BP chief executive Bob Dudley concurs with his colleague at Total and told CNBC: “I heard what Patrick said about the volatility of oil and the factors here and I couldn’t agree with him more… Short term exuberance does not characterize I think any of the CEOs that I know in oil and gas right now.”
Referring to OPEC extending the production cut deal, Dudley noted that “all the signs and signals to me are that they’re cohesive and I think it’s probable, although I don’t have any special insights, that they would extend their agreements.”

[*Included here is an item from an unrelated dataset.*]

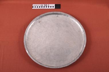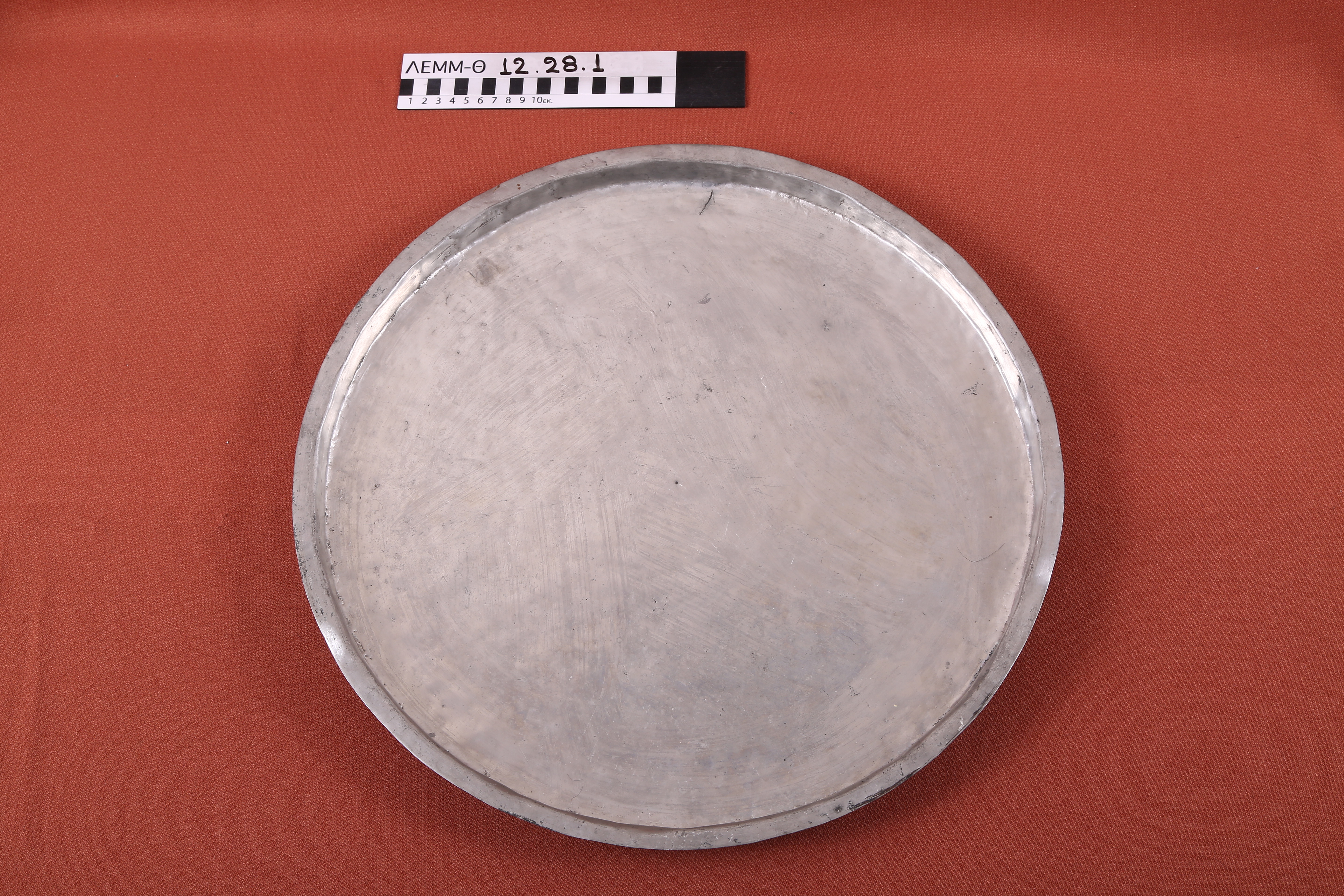 Σινί - σκεύος χάλκινο σφυρήλατο, κυκλικό επίπεδο, με χαμηλό χείλος. Χωρίς διακόσμηση. Με επικασσιτέρωση (γάνωμα)

BP is reporting Q3 figures on October 31, but at the Q2 results presentation in August Dudley said that BP was continuing to plan for a lower oil price world, and “I’m not expecting big shifts in prices anytime soon and a price of $50 a barrel looks like the right number to plan on for the rest of the decade.” What the lower-for-longer means for BP is that it must plan on consistently low oil prices. “Our break-even levels need to sit below $50 a barrel and, in about five years’ time, under $40 a barrel,” Dudley noted. Related: Analysts Raise Oil Price Forecasts
Claudio Descalzi, CEO of Italy’s Eni, also weighed in. “I think that OPEC need to keep this position,” Descalzi told CNBC. “It’s not just to balance supply and demand…but also to give an assurance to all the investors,” the manager noted. Eni places the ball squarely in OPEC’s court, saying that long-term investments need a body—in this case OPEC—that is “able to interact positively with the market to balance supply and demand.”
Last week Eni said in its Q3 results release that it expects to, in 2017, “achieve organic coverage of investments and dividends, entirely paid in cash, at a Brent price of 60$ a barrel as planned, or 45$ a barrel when taking into account our dual exploration model initiatives.” The dual exploration model means selling minority stakes in oil and gas fields to other operators, like Eni did with the giant gas discovery Zohr in the Mediterranean.
Big Oil has shaken off the worst of the oil price slump, and this year it has started generating more cash instead of burning it, in a sign that they have been adapting to the lower-for-longer oil prices. Nevertheless, Big Oil CEOs would welcome a stable floor under the price of oil and reduced volatility in the market.